The kids moving out is a normal part of being a parent but are they ready? Equipping them with wise financial principles will set them up for years to come, giving them a solid foundation to build on.
Let me guess. Mom and dad never taught you how to manage money. Guess what? Me either! Today, we are going to talk about 10 important money life lessons for teens before they launch. Now, before you think you're not qualified, you're not... but you also are! You don't have to be a financial expert to share these principles with your kids. Remember, more is caught than taught so let the inevitable reminder of kids moving out serve as a catalyst for implementing these principles as early on in their lives as possible.
The skill to budgeting is building a solid financial foundation. What is the best kind of budget? One you actually use! Most people aren't budgeting to begin with so simply getting your kids in the habit will put them light years ahead of society. Tracking and categorizing is just one piece of it. Help them to think long term and to understand the value of not spending every cent they make. For more information on this topic, check out my previous Savvy Saturday video, "How to Build a Strong Budget That Sticks."
Help your new graduate understand that not all interest rates are the same; in fact, choosing a different bank can work in their favor and earn them a better rate. This can easily spill into other topics like liquidity, how an amortization table works, how interest affects loans and more.
Teach them the power of saving for the future. The kids moving out is just a launching point for the rest of their lives and inevitable arrival at retirement, so build the habit to begin saving for retirement now. Open up your own finances to demonstrate that as you get older, things get more expensive. Failure to plan is planning to fail! Show them how compound interest can work for them and how a few dollars now (which can seem like a lot but isn't) can save them having to put huge amounts in those funds later on. Instead of playing catch up, teach them how to get an early start! For a great resource to learn the simple terms of investing, check out, "How to Invest Money Like a Billionaire."
Educate them on the nature of bank fees at all banks: overdraft fees, stop check fees, etc. Encourage them to seek out a bank, whether brick and mortar or online, that offers free checking, no minimum balance, no monthly maintenance fees and more. Fees really should be one less thing to worry about.
It is super important to teach the danger of credit cards. Your kids moving out shouldn't serve as an introduction to the dangers of plastic. In fact, this is the primary season they will be bombarded with credit card offers. Teach them the damaging effects of using credit so they know that free pizza or two-liter of soda is not worth signing up for a credit card.

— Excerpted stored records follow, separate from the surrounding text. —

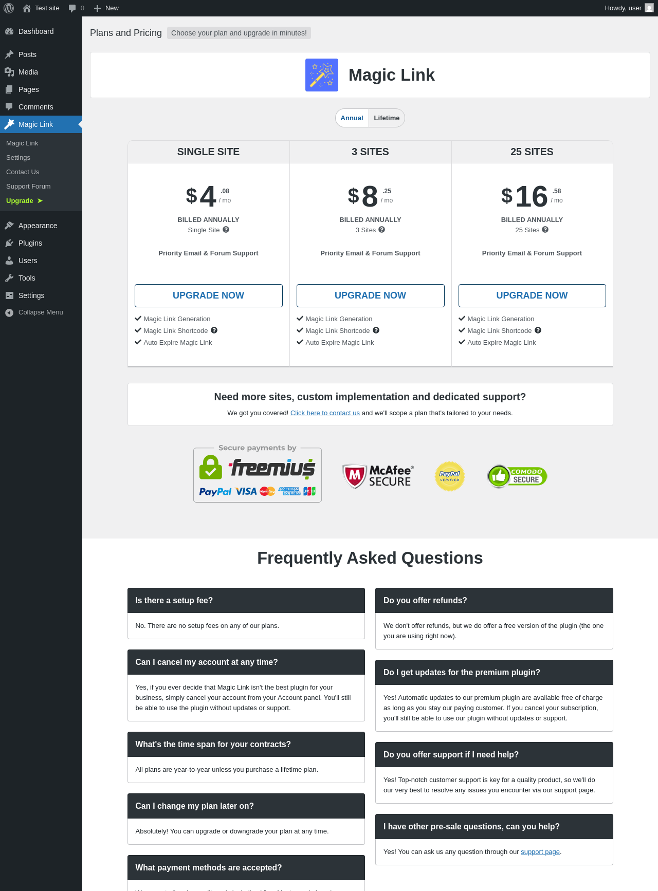 | URL | /wp-admin/admin.php?page=magic-link-pricing |
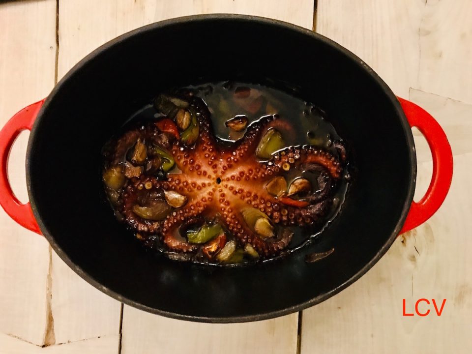 El resultado es un pulpo tierno y jugoso con una fusión de sabores capo-gallegos.
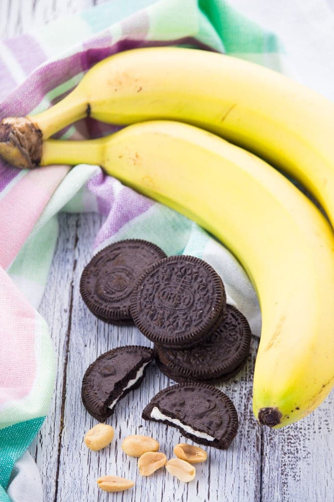- Put the frozen bananas, the chunky peanut butter, and three of the oreo cookies in a blender and process until smooth. If needed add a little almond or other plant-based milk to make it easier for the blender.
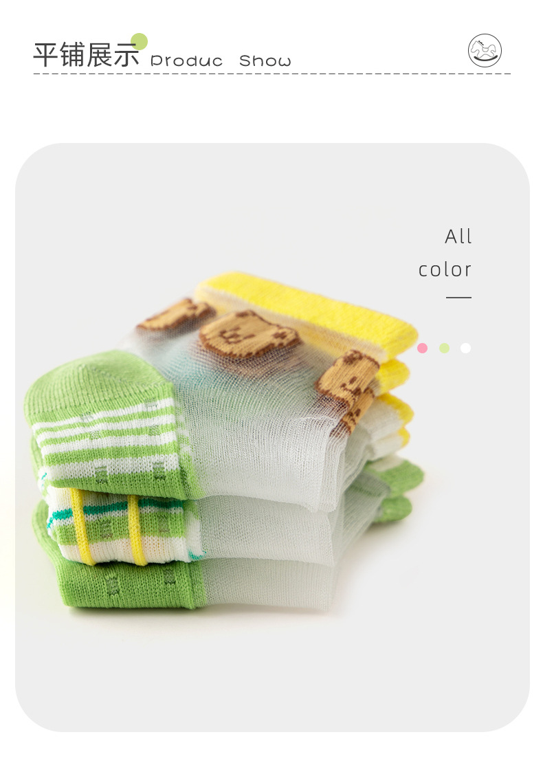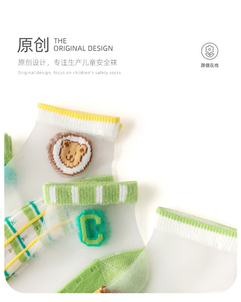 여름 유리 실크 어린이 양말 귀여운 곰 통기성 콜드 카드 실크 양말 도매 아기 양말
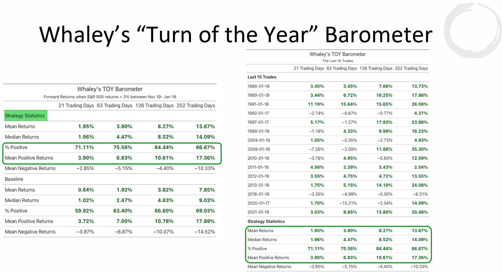 Wayne Whaley is a legendary quant who once remarked that if he were limited to using only one indicator for betting on trend direction for the year, it’d be his TOY (Turn Of Year) Barometer. There’s a good reason for this. A bullish TOY signal has a very high win rate. You can find more on how the TOY Barometer is constructed here. This barometer fired a bullish signal this past week.
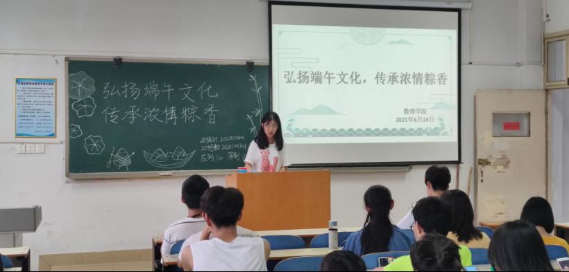 本网讯(学生记者/谷雪鹏)为弘扬中华民族传统文化,感受端午节丰富文化内涵,6月14日,我院在13教514开展了“弘扬端午文化,传承浓情粽香”主题班会。本次班会由20级团支书靳上典主持,20级全体学生参加。
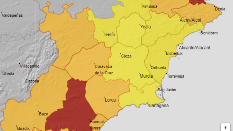 Meteorología actualiza aviso de fenómenos adversos por lluvias y tormentas en la Región de Murcia, y sitúa en nivel naranja Noroeste, Valle de Guadalentín, Lorca y Águilas. Redacción 14/dic/2025
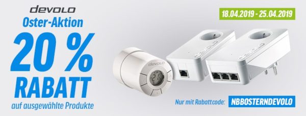 Bei Notebooksbilliger ist nun auch eine Osteraktion gestartet bei der ihr 20% Rabatt auf ausgewählte devolo Produkte bekommt.
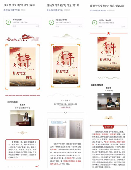 “时习之”线上活动以诵读习近平总书记重要论述为主,以微信推送为载体,并以“朗读者”的方式,引导学生时时学习党的最新理论成果,宣传党的十九大精神。
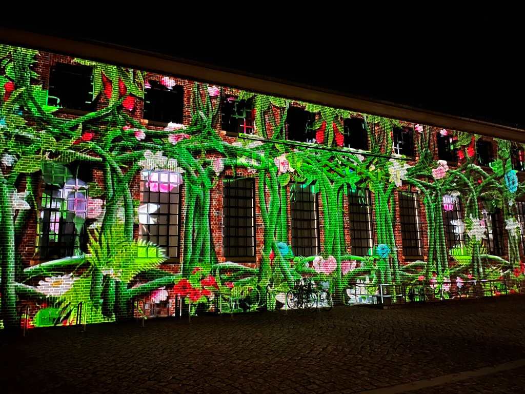 Im Rahmen der Ausstellung wurden jeden Abend bewegte Bilder auf die Front der KulturBäckerei projiziert.
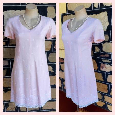 All the measurements are with the tunic open, bust is 98cm, waist is 98cm, hips are 107cm and length is 85cm.

The kids moving out can spur many new areas of concern or topics not once covered, like obtaining a well paying job. That isn't a bad thing. But if they don't know how to maximize that income, it will only get spent. Show them the power of growing their wealth and explain the meaning of net worth. Many people think a millionaire is defined by his/her stuff, but they're not. Your net worth is determined by what you own minus what you owe. Your net worth is a true pulse of your financial being.
Teach them the things they can probably do themselves. When it comes to standard things like changing bulbs or oil changes, help your child find this info in their car's manual. Also, help line them up with a quality mechanic who is trustworthy and willing to earn their business. Check out my video, "How to Save Big When Buying Tires," for pointers on how an independent mechanic can save you BIG.
This one tends to sneak up on people, especially graduates not used to covering utilities and who tend to leave a small energy footprint. Teach them how to stay on top of these costs so they don't have to depend on utility companies for a budget plan. For some additional help doing this, check out, "How to Stop the Utility Bill Roller Coaster."
Spending isn't always about spending as little money as possible, but rather about spending wisely with a plan. Teaching them how to spend wisely requires research, price comparisons and more. Introduce them to Consumer Reports and to an appreciation for buying quality, not luxury, this way their purchases will last but will also not let them take on more than they can afford.
Teach them about this mysterious number and how it's calculated. They don't have to live under its ominous shadow. Empower them with the truth so they feel liberated. For more details, check out, "The Credit Score Demystified." The kids moving out is a big, life-altering event in the life of your family and this is one base you might want covered before letting them out into the big, wide world. Empower them with this information to set them on a track to becoming fiscally-responsible, stable young adults who harness this info and find more money to fund their dreams.
Question: Are your kids moving out? Are they equipped with these important money life lessons? It's never too late to begin.